SENDING MY BEST WITH LOVE AND HUGS TO YOU AND ALL THE CRITTERS, NAB!!

Shi


----------



## Charis (Feb 11, 2007)

That must have been so scary. I'm glad all is ok.


----------



## Feather (Dec 8, 2005)

That wouldn't be a bad drill for all of us to walk through.


----------



## Charis (Feb 11, 2007)

Feather said:


> That wouldn't be a bad drill for all of us to walk through.


You are so right. At this point, I wouldn't be able to fit eveyone in my car.


----------



## TerriB (Nov 16, 2003)

Glad it turned out to be just a test run. I can't imagine having to do emergency transport for all of your wild critters!


----------



## Crazy Pete (Nov 13, 2008)

A flood or a fire, nether of them show any mercy, glad yours turned out ok.
Dave


----------



## maryjane (Jul 15, 2006)

Charis said:


> You are so right. At this point, I wouldn't be able to fit eveyone in my car.


At this point, I wouldn't be able to fit everyone into a U-Haul. 

I'm so glad it worked out okay, Nab, I can't imagine having to pack up all your guys and then worry about the released ones!


----------



## TAWhatley (Mar 6, 2001)

Glad all is well, Nab.
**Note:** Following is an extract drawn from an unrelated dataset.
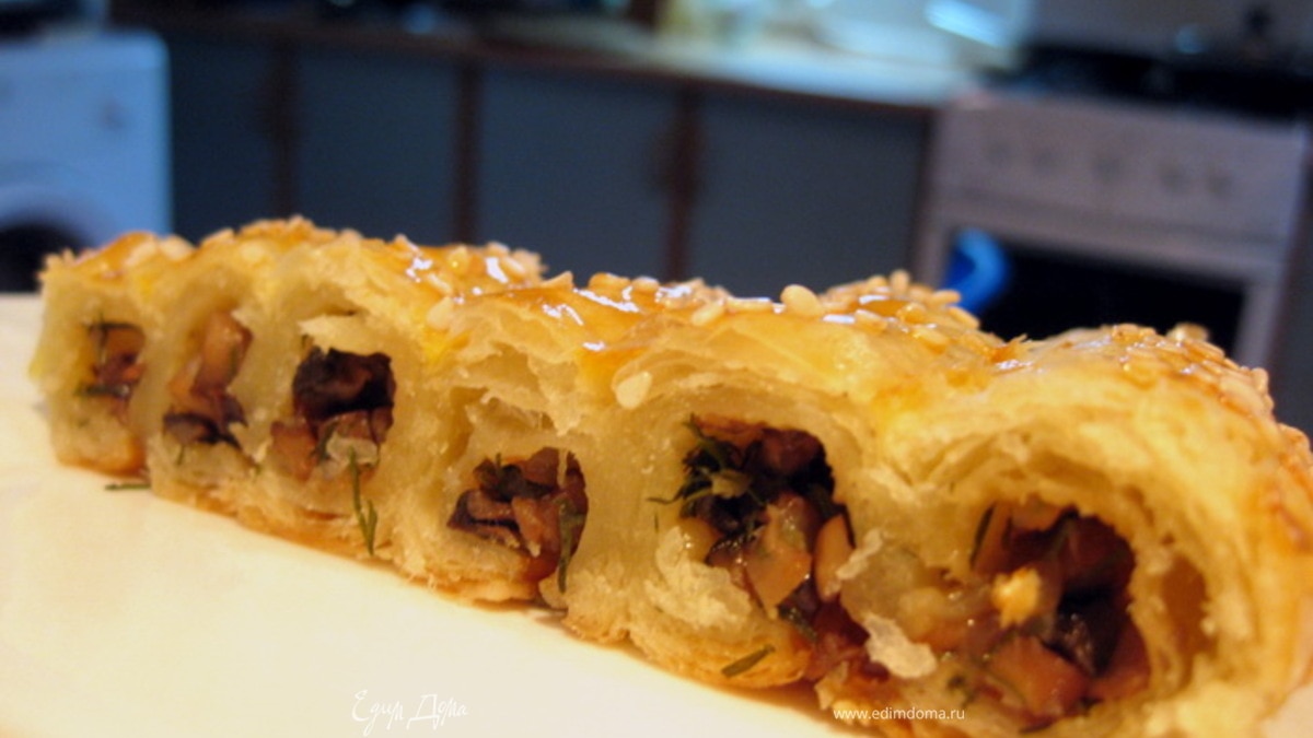 - ПодготовкаПока размораживается тесто, приготовить начинку. Для этого шампиньоны мелко нарезать кубиками и обжарить до золотистого цвета. Лук также мелко нарезать и пассеровать до прозрачности. Укроп мелко нарезать и смешать с обжаренными грибами и луком, посолить и поперчить по вкусу.

Some of our members have had to pack up and go due to hurricanes in Florida. I'm pretty sure that Treesa is prepared, and I know that Julie (Turkey) had to evacuate years ago and managed to do it simply because she was prepared. This is a really important consideration for all of us .. if you've got to go at the drop of a hat, then how do you get your birds and animals out? You need to have figured this out before the need to do so and also need to have gotten all the logistics down pat .. ie .. will all those boxes/carriers fit into our vehicles .. do you have food and water for all the critters .. this is definitely something to think about and get organized. Here in So Cal we have fires and earthquakes .. in other areas it's hurricanes and tornadoes .. flash floods .. you name it .. you need to be prepared! AND .. you especially need to know what evacuation resources will not only accept you BUT also your birds and animals.

Terry


----------



## Skyeking (Jan 17, 2003)

Fires are just the worst, I sure am glad they got it under control and all is well.


----------



## TrevorsCoop (Jul 14, 2009)

I can't amagine! here in NJ, i have never experienced a wild fire. Which birds where your non-flyers?


----------



## Feefo (Feb 8, 2002)

Phew, Nab! I was expecting to see a thread about two little animals that had been plucked out of danger. How frightening for you all!

Cynthia


----------



## nabisho (Nov 18, 2004)

*It was a very good drill for us*

now I have all my emergency boxes and carriers set aside in the garage with clean chux pads and ready to load. a 5 gallon pail of food and a traveling meds bag (baytril, neosporin etc.) all ready to go too. I could get ready and go a lot faster now since going through this exercise. Everybody that is in a fire prone area or any area that has natural disasters should probably do a practice run it could give you the key learnings that will save time and therefore the lives of your guys.

NAB 

Of course some guys just don't like to travel like the Black Crowned Night Heron and the Sharp-Shinned Hawk. Getting in boxes just isn't their cup of tea even if it is for their own good.


----------



## Charis (Feb 11, 2007)

Yep...that Hawk, looks rather annoyed.


----------



## Skyeking (Jan 17, 2003)

Wonderful pics.....You just can't please them all , even though you have their best interests at heart and are such a good caregiver.


----------



## TerriB (Nov 16, 2003)

nabisho said:


> now I have all my emergency boxes and carriers set aside in the garage with clean chux pads and ready to load. a 5 gallon pail of food and a traveling meds bag (baytril, neosporin etc.) all ready to go too. I could get ready and go a lot faster now since going through this exercise....


Good advice to get as much done ahead of time so you can just grab and go!


----------